- Task: The answer must be an exact copy of the lines from the one with "If your clinic" through the final line of the records below, with no pictures.
------ Given data
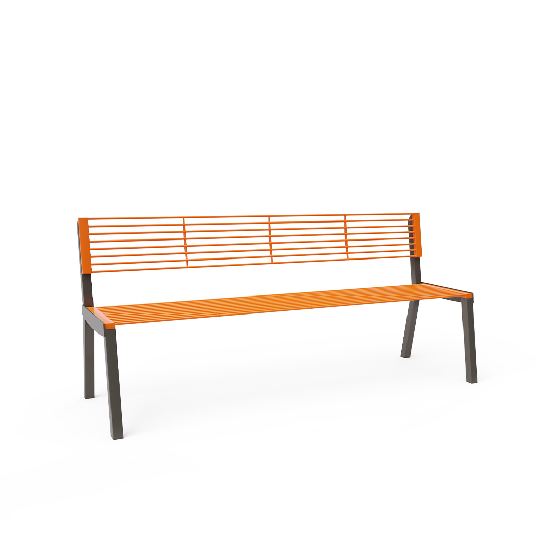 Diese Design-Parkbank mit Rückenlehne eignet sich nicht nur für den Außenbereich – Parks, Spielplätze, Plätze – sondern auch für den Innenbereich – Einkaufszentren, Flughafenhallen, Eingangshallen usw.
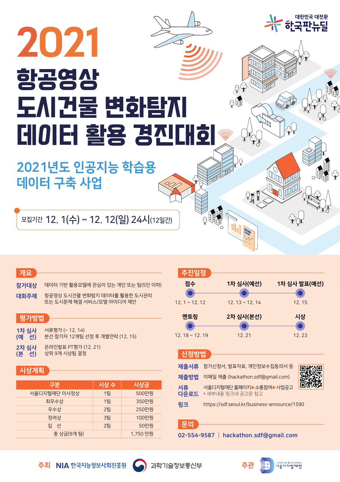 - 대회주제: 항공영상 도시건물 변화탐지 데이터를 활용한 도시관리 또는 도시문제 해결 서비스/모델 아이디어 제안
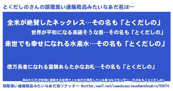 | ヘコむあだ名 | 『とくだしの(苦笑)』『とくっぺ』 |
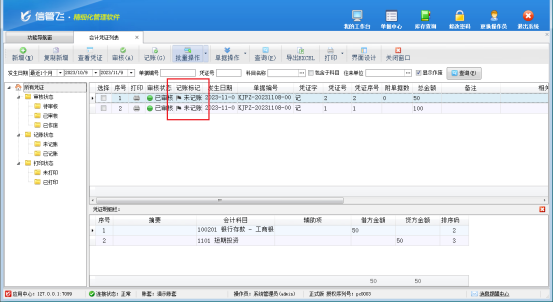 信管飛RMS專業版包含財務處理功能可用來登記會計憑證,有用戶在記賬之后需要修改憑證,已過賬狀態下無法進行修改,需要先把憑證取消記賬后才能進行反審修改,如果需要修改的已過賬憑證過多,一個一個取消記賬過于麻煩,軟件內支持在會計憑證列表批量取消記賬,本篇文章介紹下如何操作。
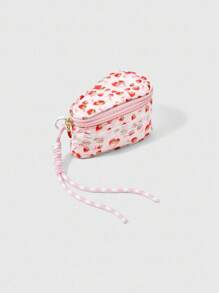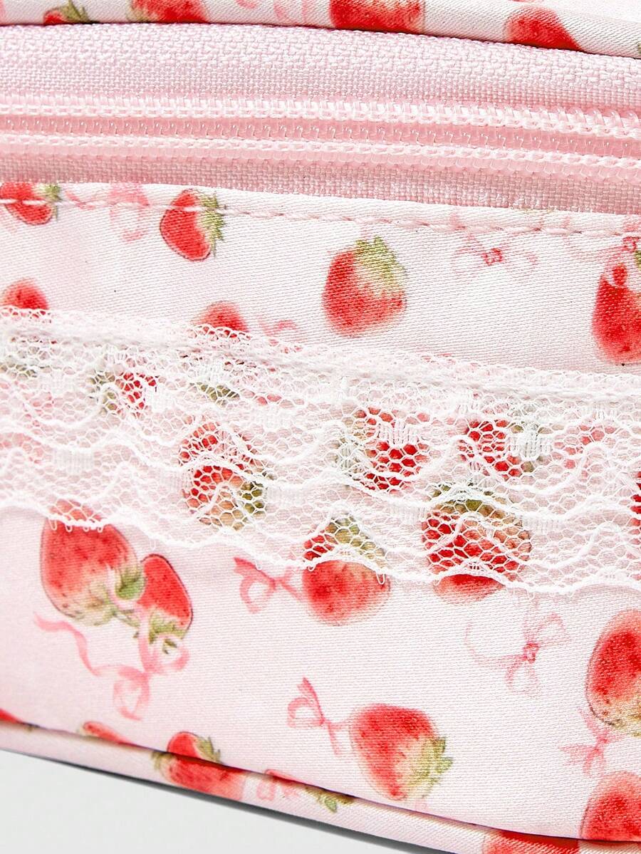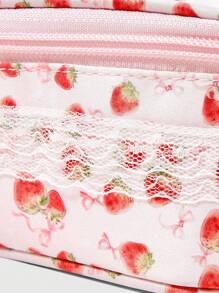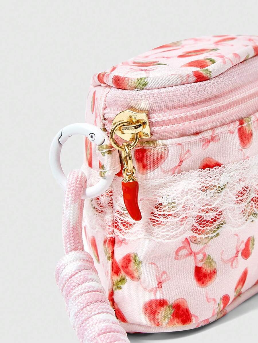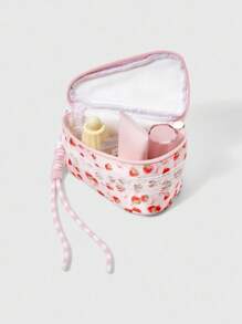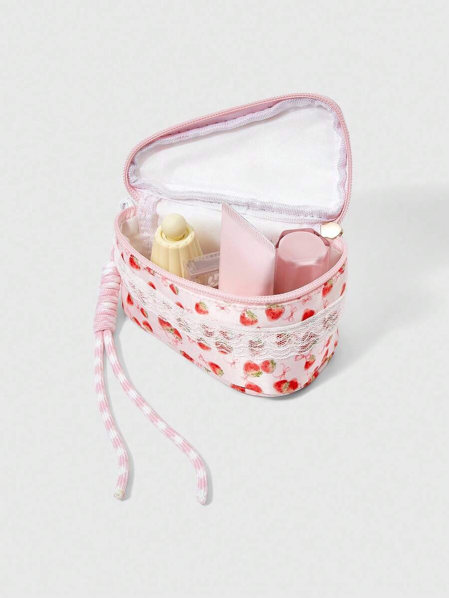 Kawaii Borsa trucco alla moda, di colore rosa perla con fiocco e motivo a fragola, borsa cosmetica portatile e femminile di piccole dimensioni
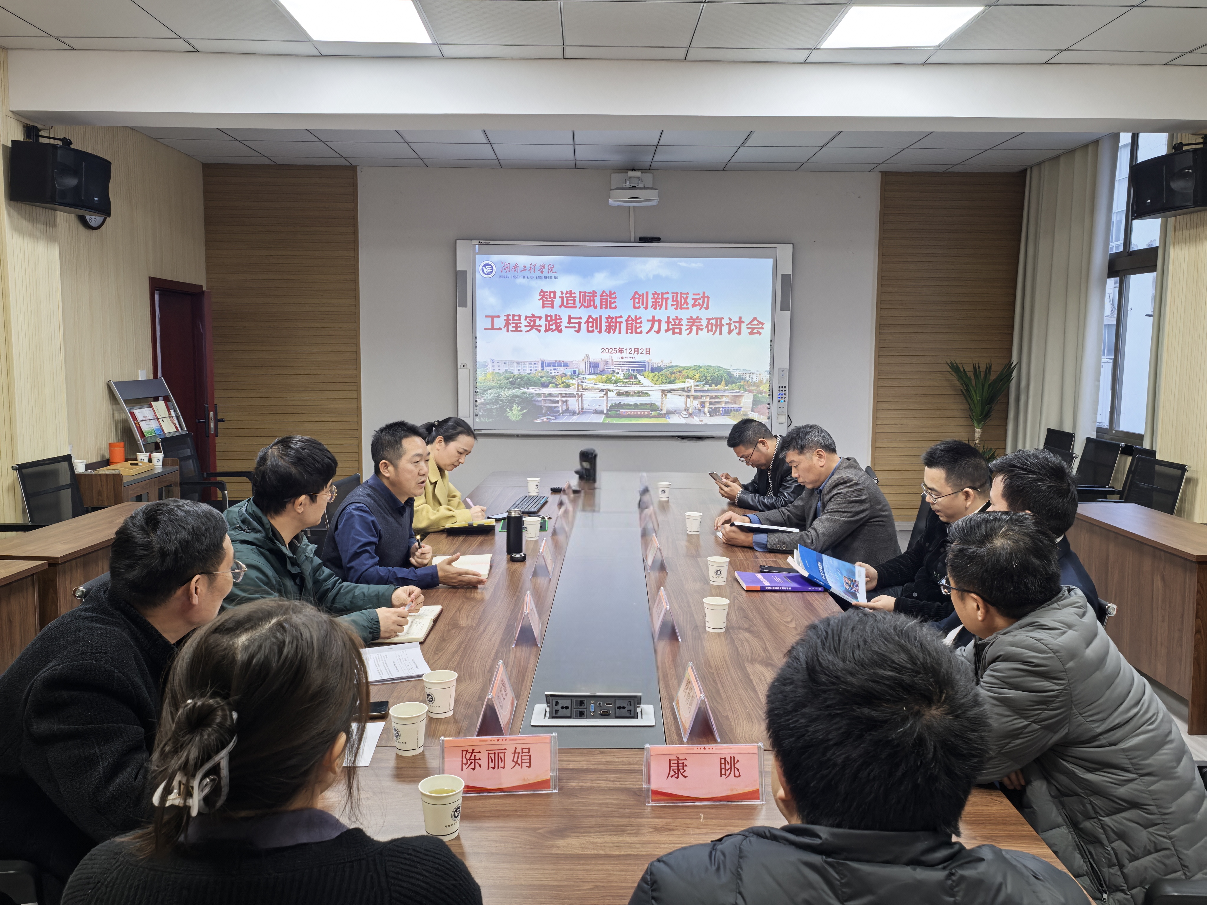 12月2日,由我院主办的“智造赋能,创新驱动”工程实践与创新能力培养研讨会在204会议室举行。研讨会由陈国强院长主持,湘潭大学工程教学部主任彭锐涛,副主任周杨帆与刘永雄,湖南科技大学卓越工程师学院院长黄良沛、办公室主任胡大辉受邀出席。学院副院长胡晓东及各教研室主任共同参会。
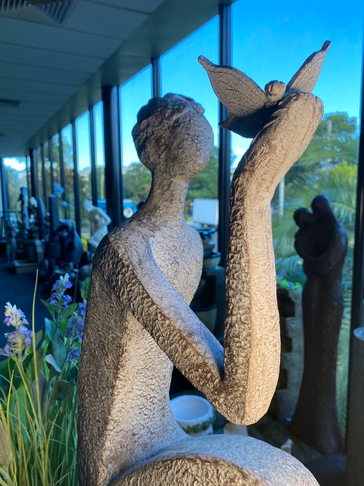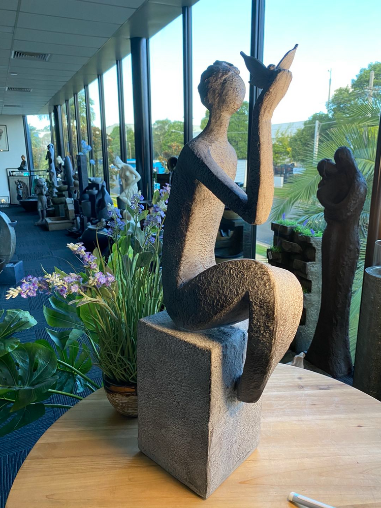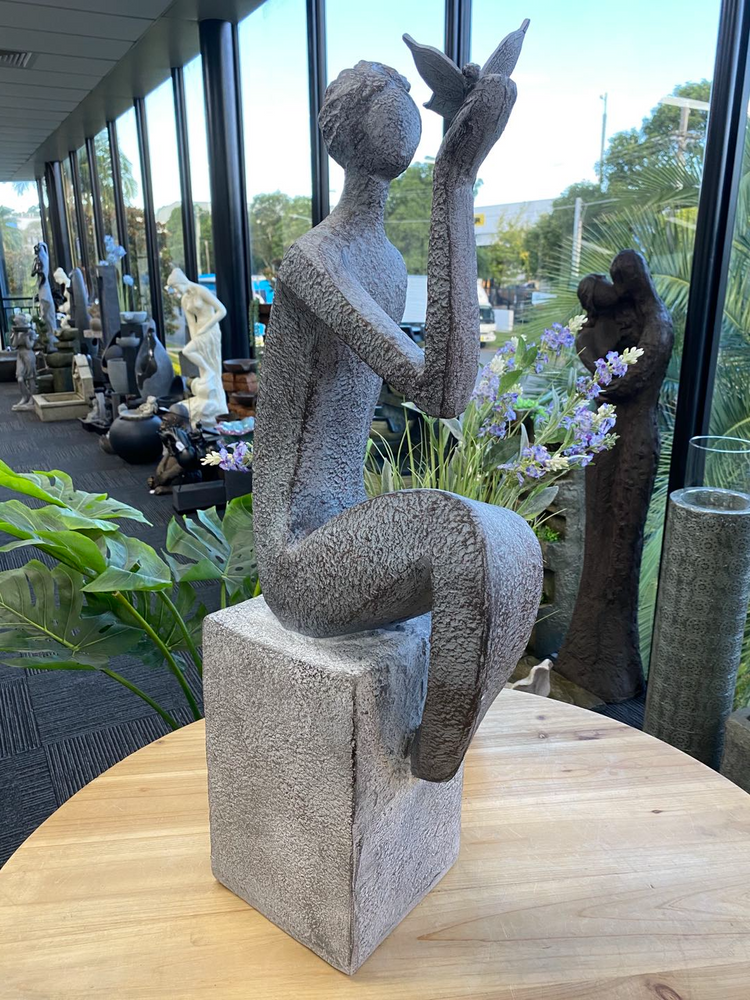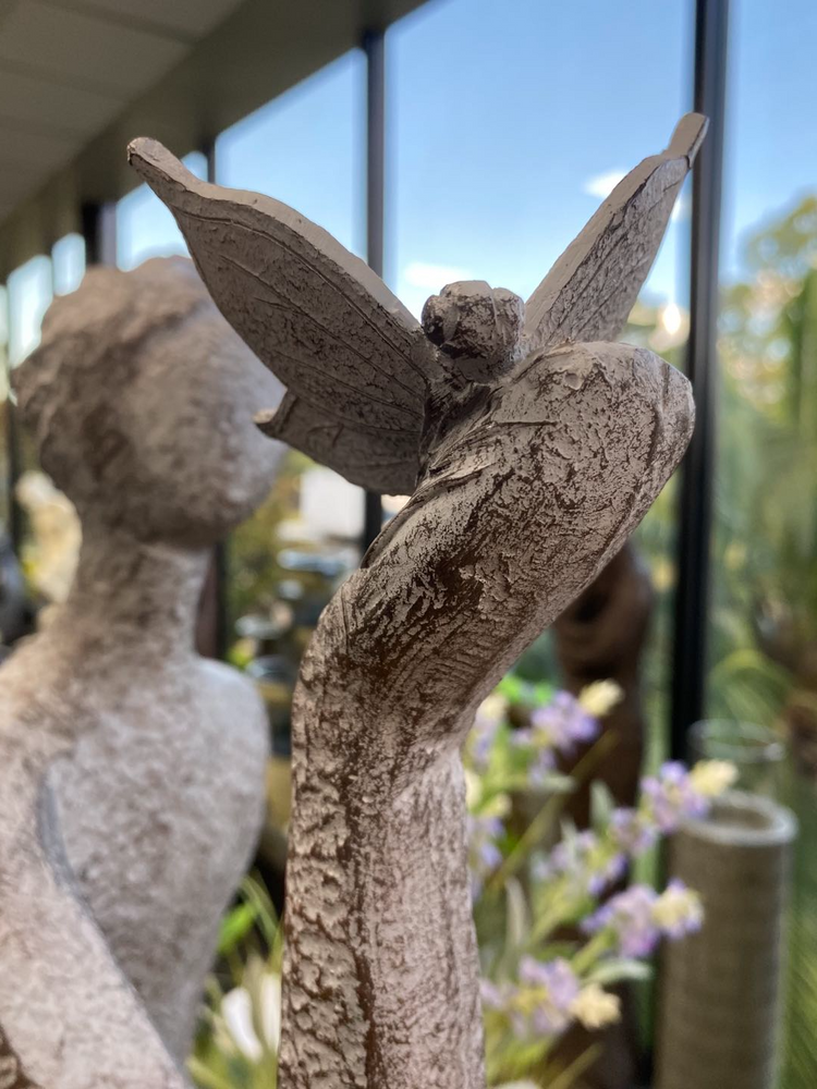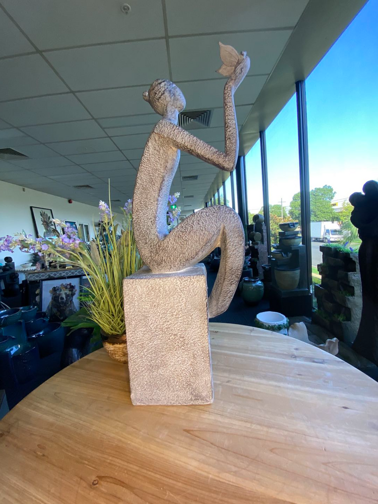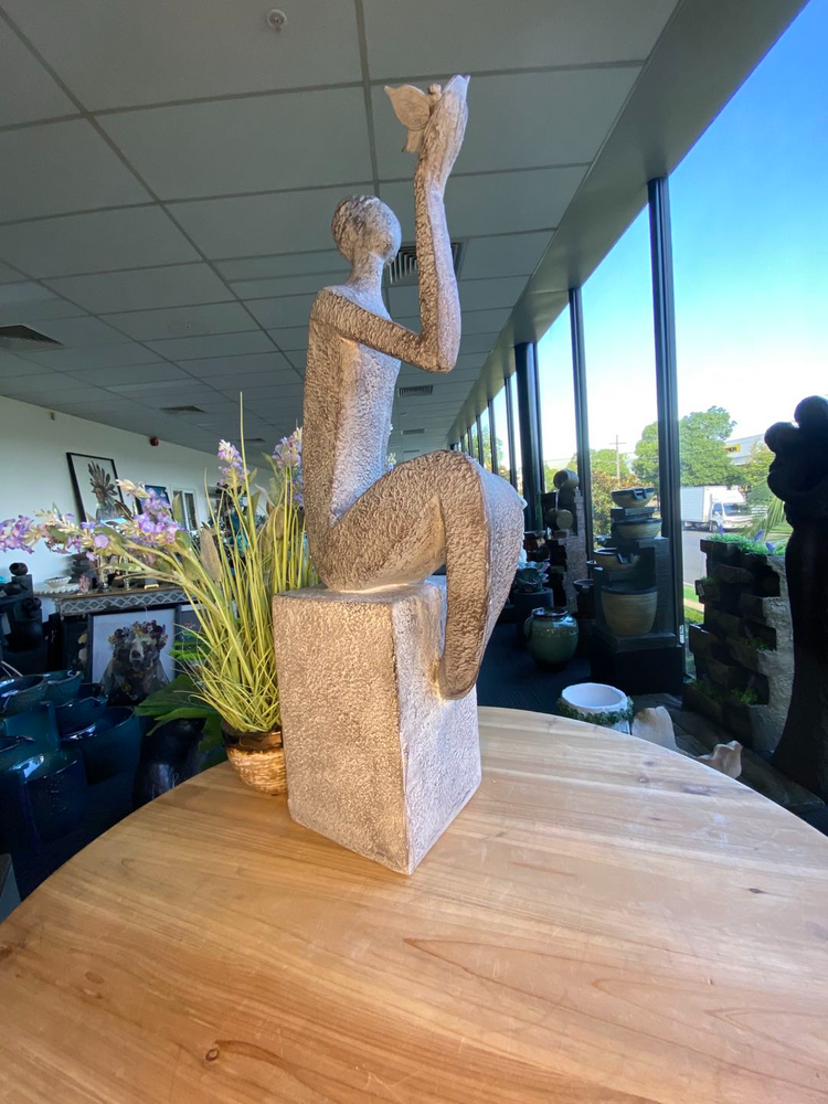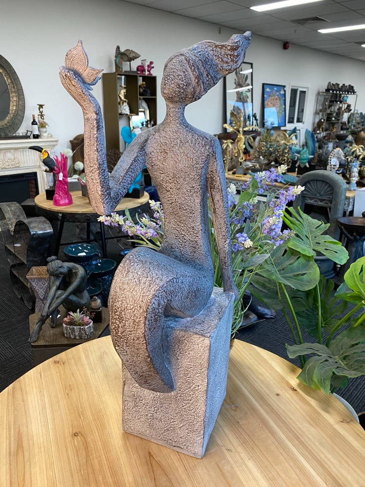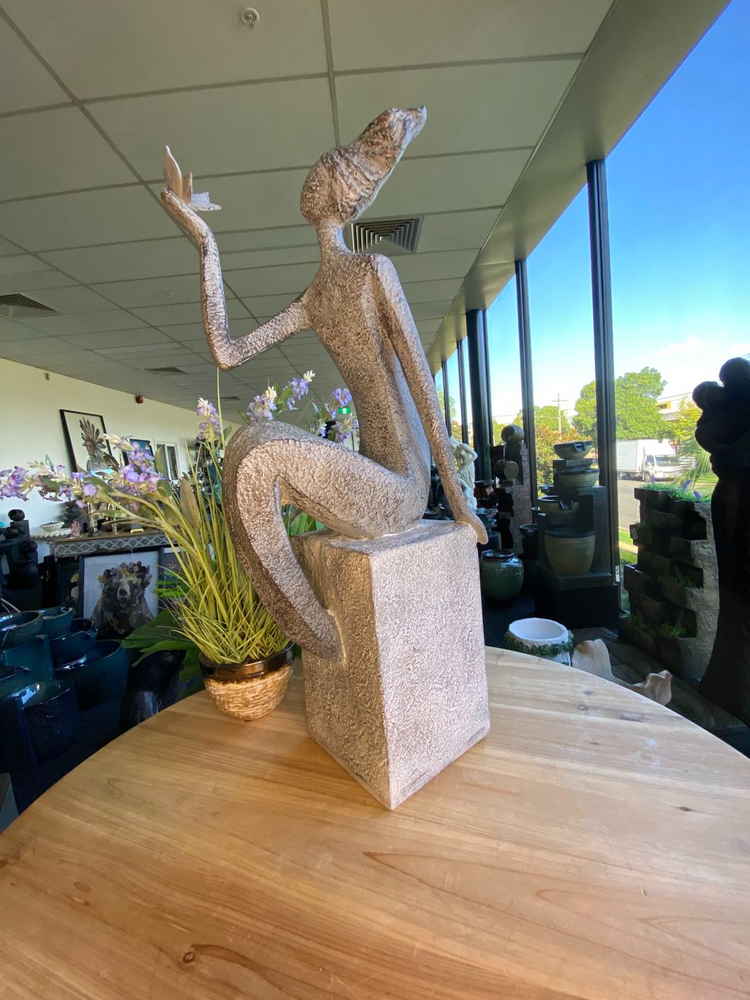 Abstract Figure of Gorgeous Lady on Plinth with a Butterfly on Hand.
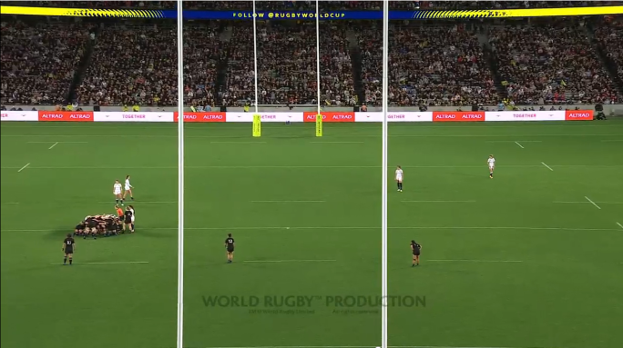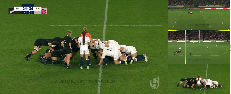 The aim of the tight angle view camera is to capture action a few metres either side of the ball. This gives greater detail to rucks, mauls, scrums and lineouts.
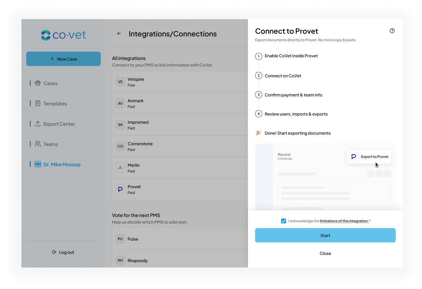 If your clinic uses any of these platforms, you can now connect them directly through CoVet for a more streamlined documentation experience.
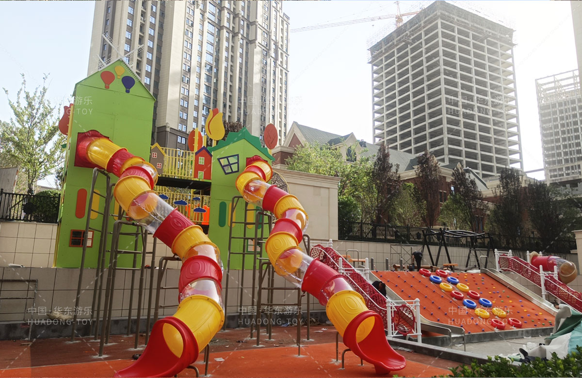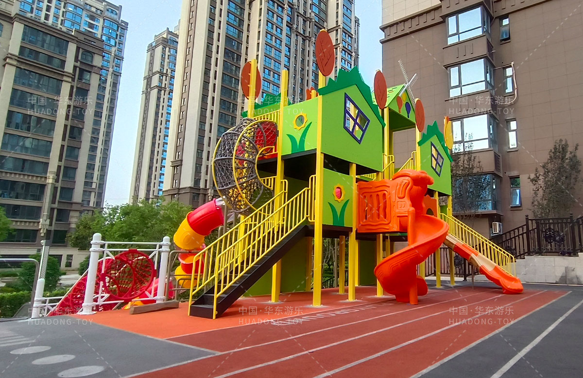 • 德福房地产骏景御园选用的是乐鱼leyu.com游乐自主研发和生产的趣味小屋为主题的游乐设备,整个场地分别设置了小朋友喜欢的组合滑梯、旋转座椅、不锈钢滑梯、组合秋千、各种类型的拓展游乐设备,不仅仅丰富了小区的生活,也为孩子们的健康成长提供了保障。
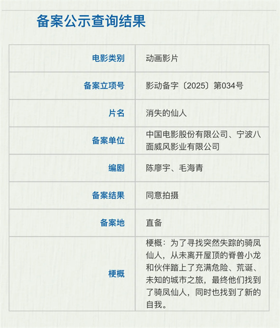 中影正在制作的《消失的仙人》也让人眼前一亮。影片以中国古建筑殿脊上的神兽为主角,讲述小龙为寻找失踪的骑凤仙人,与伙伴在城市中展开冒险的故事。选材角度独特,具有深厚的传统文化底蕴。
------------
- Problem solution:
 If your clinic uses any of these platforms, you can now connect them directly through CoVet for a more streamlined documentation experience.
 • 德福房地产骏景御园选用的是乐鱼leyu.com游乐自主研发和生产的趣味小屋为主题的游乐设备,整个场地分别设置了小朋友喜欢的组合滑梯、旋转座椅、不锈钢滑梯、组合秋千、各种类型的拓展游乐设备,不仅仅丰富了小区的生活,也为孩子们的健康成长提供了保障。
 中影正在制作的《消失的仙人》也让人眼前一亮。影片以中国古建筑殿脊上的神兽为主角,讲述小龙为寻找失踪的骑凤仙人,与伙伴在城市中展开冒险的故事。选材角度独特,具有深厚的传统文化底蕴。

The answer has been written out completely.